A little more attention to detail would have made the resulting process a lot smoother.

Among the beneficiaries listed in his will was the Northowram Orphanage near Halifax in Yorkshire where Isaac and a brother were apparently raised.

Isaac's executors failed to find the facility and 1000 was left unallocated.

The problem, it seems, was in the name.

No Northowram Orphanage existed and a couple of contenders bore very different titles that had changed numerous times in the 40 years since Isaac left the United Kingdom.
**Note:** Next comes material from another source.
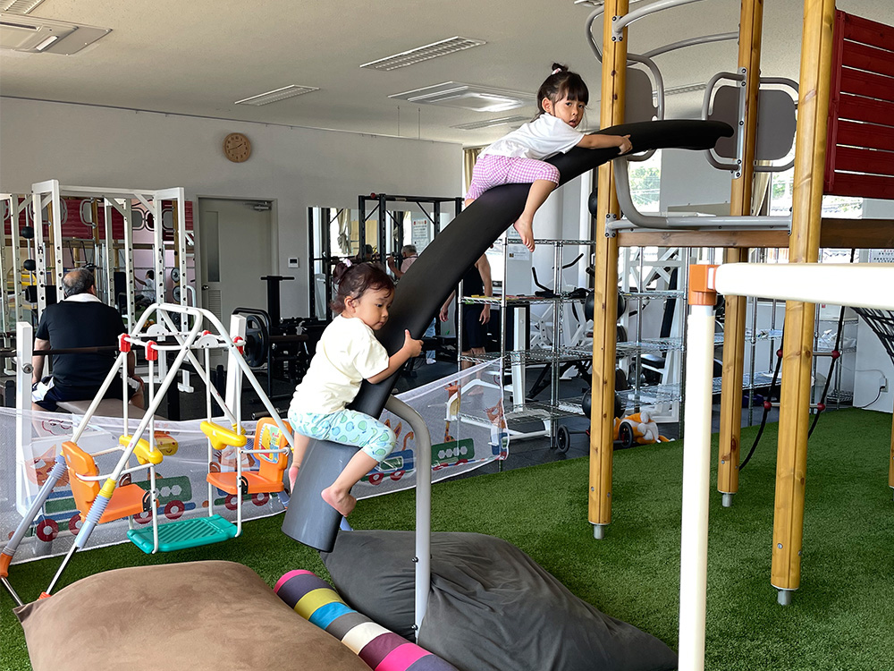 こだわりの遊具は、アネビーの協力のもと制作したリンクフィットオリジナル。隣には大人向けのジムも併設されている。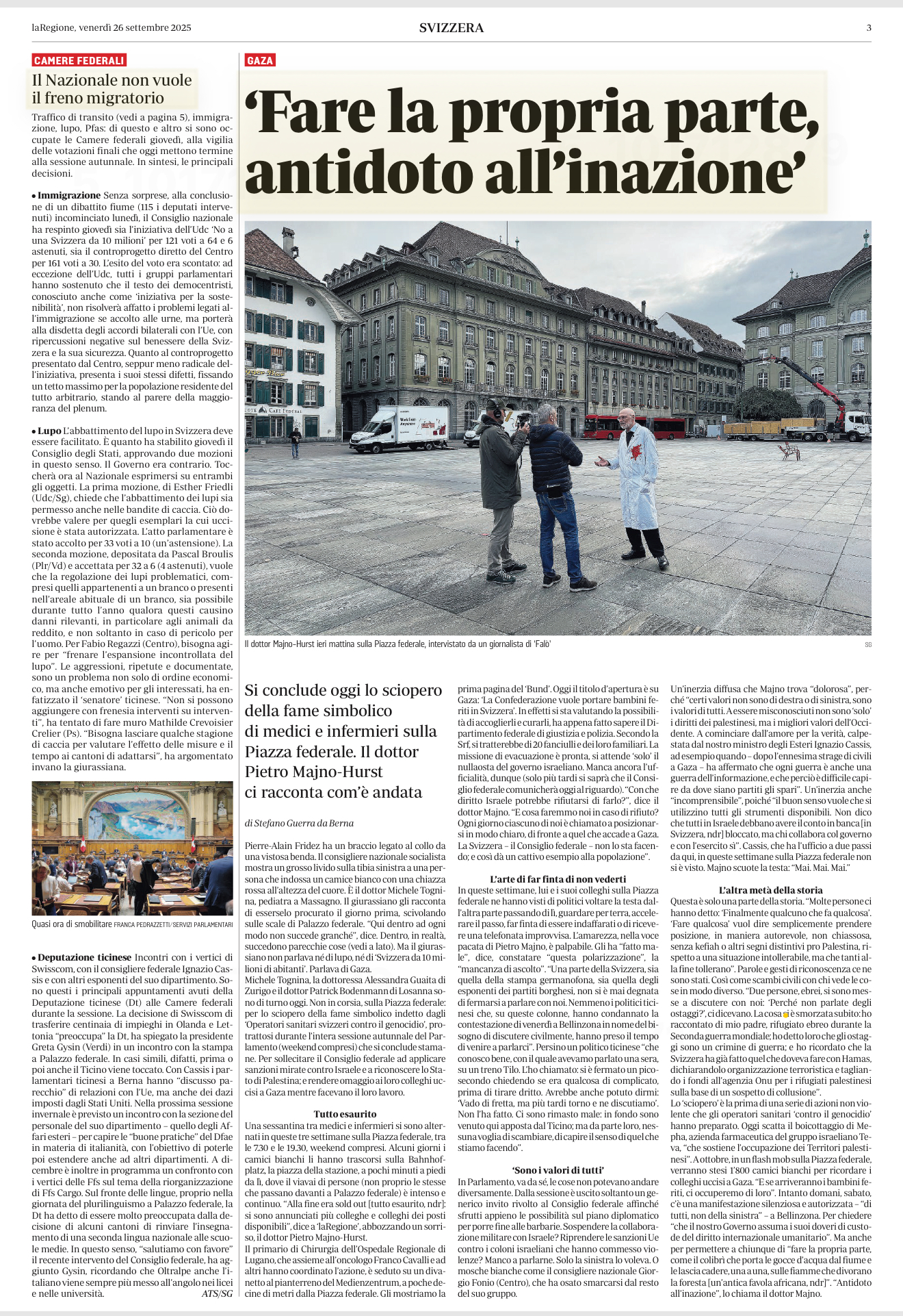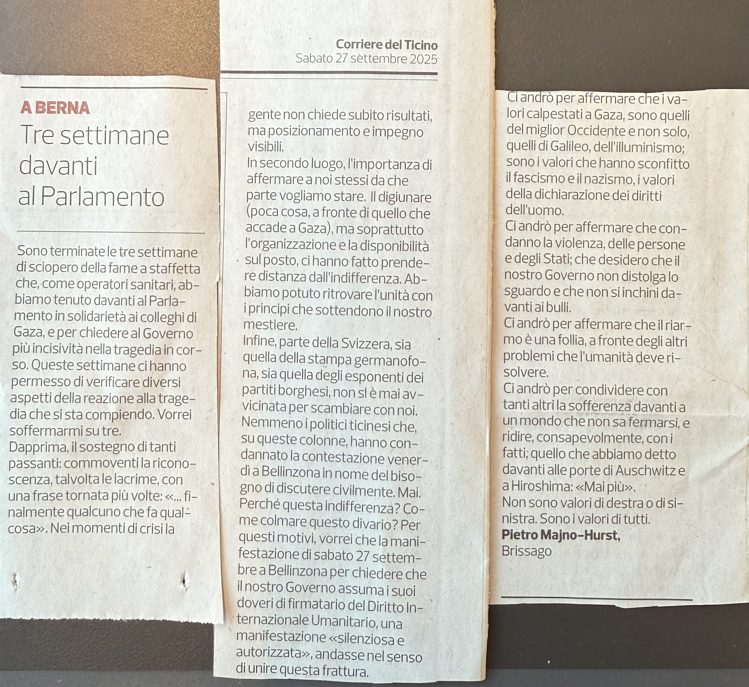 - Una lettera sul Corriere del Ticinovenerdì 27 settembre dopo le tre settimane di sciopero della fame a staffetta davanti al Parlamento.

Whether the mystery was ever solved is not clear.

But the case certainly made headlines in New Zealand and England.

The execution of Isaac's will here was less complicated.

Charities benefiting from his generosity included the Church of England Orphanage at Papatoetoe, the Remuera Children's Home, a similar institution at Richmond Rd in Ponsonby and the Beresford Street Congregational Church.

All received between 500 and 900 each.

Isaac immigrated to New Zealand around the early 1870s and settled in the Northern Wairoa where he took up farming.

He was soon on the hunt for a prospective wife and wrote home to Northowram to see if friends there could assist. His wish, he said, was to marry a girl from his native town.

Emma Briearley put up her hand and made the voyage out to New Zealand for a wedding with Isaac on September 10, 1879.

The Butterworths moved to the Glen Eden area during the 1890s and bought a farm.

Both are buried at Waikumete Cemetery.